Quoi que révèlent les missions futures (nature biologique ou géologique) une chose est claire : Mars n’est pas un astre aussi mort qu’on le pensait, après tout.
Commentaire:
Après la découverte de carbonates, les chercheurs qui étudient les données que nous transmettent au fil des jours les satellites martiens nous font encore un magnifique cadeau. Il y a quelque temps Mars Express nous avait déjà fait soupçonner qu’il pourrait y avoir production de méthane par la planète ; on en a maintenant la certitude : 19 000 tonnes pour une émission de gaz, ce n’est pas rien !

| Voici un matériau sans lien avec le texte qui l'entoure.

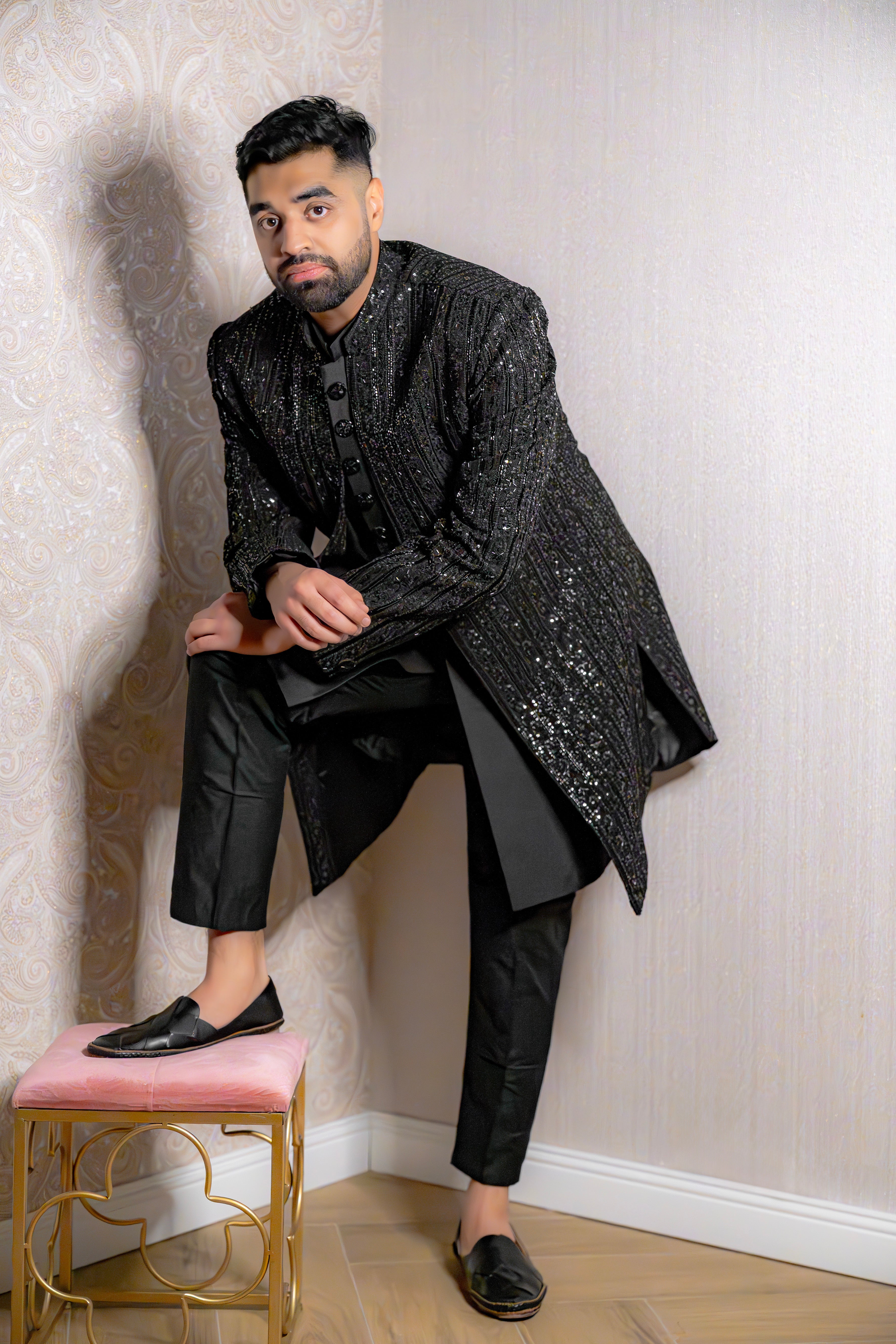 Black Shimmer Jacquard Indo-Western Sherwani Set
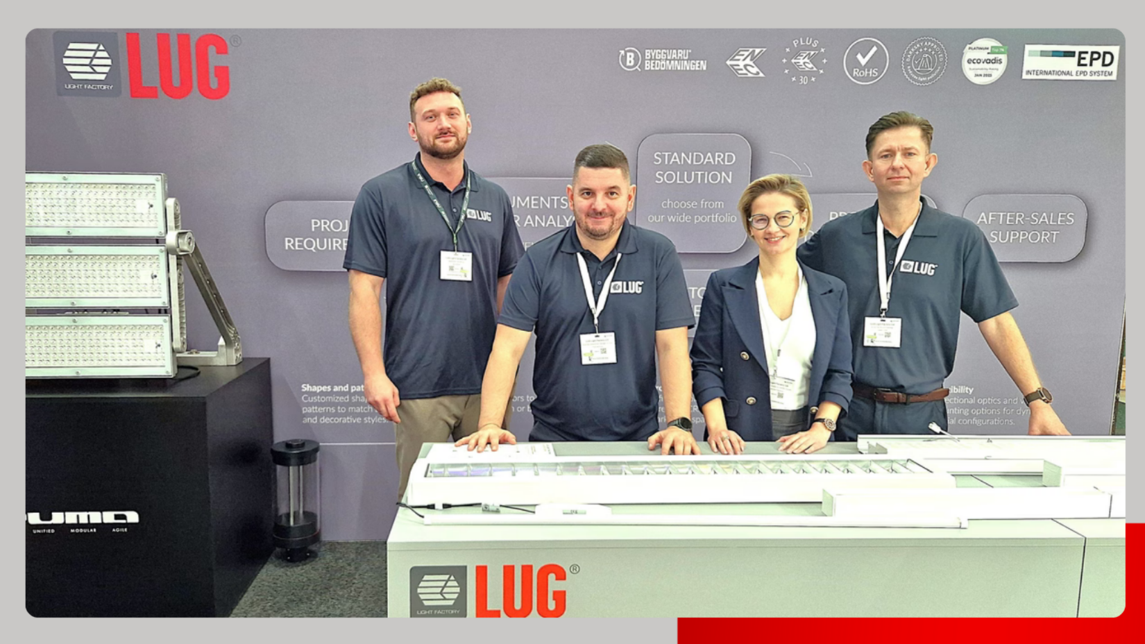 Podczas targów podkreślaliśmy kompletność rozwiązań oświetleniowych oraz usługowe podejście do współpracy. Czujemy się przede wszystkim partnerem projektowym, który wspiera klientów na każdym etapie inwestycji. Troszczymy się, prowadzimy konsultacje oświetleniowe, rozwiązania custom i bespoke. Huby kompetencyjne opracowują precyzyjne obliczenia i symulacje oświetleniowe, przygotowują kompletną dokumentację przetargową i techniczną.

Voilà encore une bonne raison pour y aller voir de plus près. A l’époque où le programme spatial américain va être redéfini et où tous les pays, y compris la France, au sein de l’Europe, cherchent des thèmes sur lesquels relancer l’économie, quoi de plus opportun que cette information qui pourrait être le support d’un effort accru dans le domaine de la recherche spatiale !
Pierre Brisson
(1) NdT : Ce suintement naturel de pétrole est un des plus étudiés au monde. Il s’en dégage environ 20 tonnes d’hydrocarbure par jour. Il se situe sur le campus de l’Université de Californie à Santa Barbara (« UCSB »).